Sweden will no longer issue “residence permits” to all Syrian refugees, terminating a policy that allowed over 100,000 asylum-seekers to resettle in the country.
The policy, championed by left-wing parties, had been in effect since 2013.
Right-leaning parties that opposed the policy change pointed out its flaws, raising concerns that “no conflict is permanent but still we give them permanent residence”.
“[F]or one immigrant that comes here we could help hundreds, maybe thousands of people, [in and around Syria] with food, with medicine, with everything” claimed former Sweden Democrat party spokesman Kent Ekeroth in 2013.
The policy change results from a reassessment of safety levels in different Syrian provinces: the entire country is no longer regarded to be universally “at risk” due to its civil war.
Those living in the Syrian capital of Damascus and the adjacent southern provinces of Quneitra, Rif Dimashq, Suwayda, and Dara’a as well as Northern provinces such as Hassakah and Latakia will no longer automatically be granted asylum.
Certain provinces including Aleppo, Idlib, and Raqqa are still classified as having “internal armed conflict where everyone risks being affected” meaning residents of those areas will still be granted asylum indiscriminately.
The Swedish Migration agency’s press release attributes this change in classification to the fact that “the number of deaths has decreased so much” as well as the “general risk of coming to harm has decreased” in certain provinces.

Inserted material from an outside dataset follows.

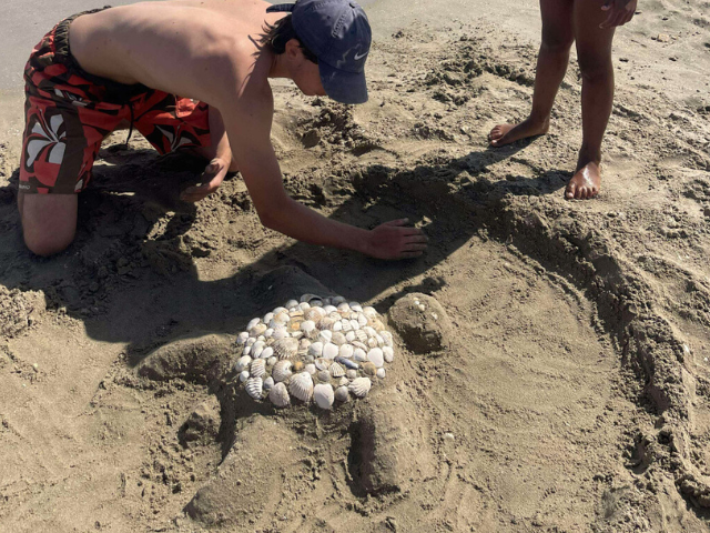 Ramasser des coquillages pour pouvoir réaliser mon land'art, il était trop beau !

It continues: “Everyone was able to get a residence permit due to the general situation in Syria as being in the territory entailed a risk. We now assess that the security situation has become slightly better.
The policy is not retroactive, as those waiting for immigration-related court hearings or wanting to renew temporary residence permits are unaffected: “This affects only new applicants for asylum. Those who are already here in Sweden and who have received protection status as a refugee or subsidiary protection will retain that status”.

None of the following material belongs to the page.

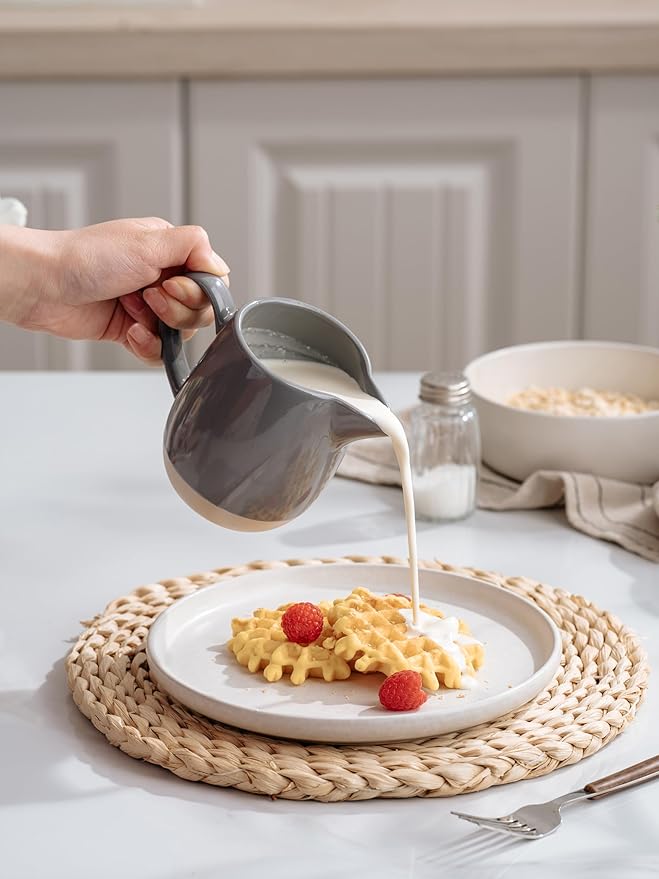 - DISHWASHER & MICROWAVE & Fridge SAFE: This 13-ounce pitcher is dishwasher and microwave-safe for easy cleaning and reheating. It’s also fridge-safe, making it perfect for storing milk, cream, or maple syrup at cool temperatures. Crafted for durability, they ensure consistent quality with every use

Migration has long been a contentious issue in Sweden, particularly from non-Western countries.
And the number of Syrian refugees in Sweden is extremely high. Even former U.S. President Obama’s target for Syrian refugees was 10,000; Sweden has ten times that. The country often accepts the most migrants per capita compared to the rest Europe.
Consequently, no-go zones, or what the media and police like to refer to as “vulnerable”, “especially vulnerable”, or “risk areas” have become increasingly prevalent.
Bombing and explosions have nearly doubled this year, animal cruelty in “immigrant-dense” areas has increased, and even blood supply in hospitals has been running low due to the dramatic increase in stabbings.
Furthermore, the exorbitant cost of migration to taxpayers as well as the failure of many migrants to assimilate have caused discontent among native-born Swedes.
It’s not hard to see why a recent poll showed that “over half of Swedes reject taking more refugees”.
And this policy change appears to be a step in the right direction.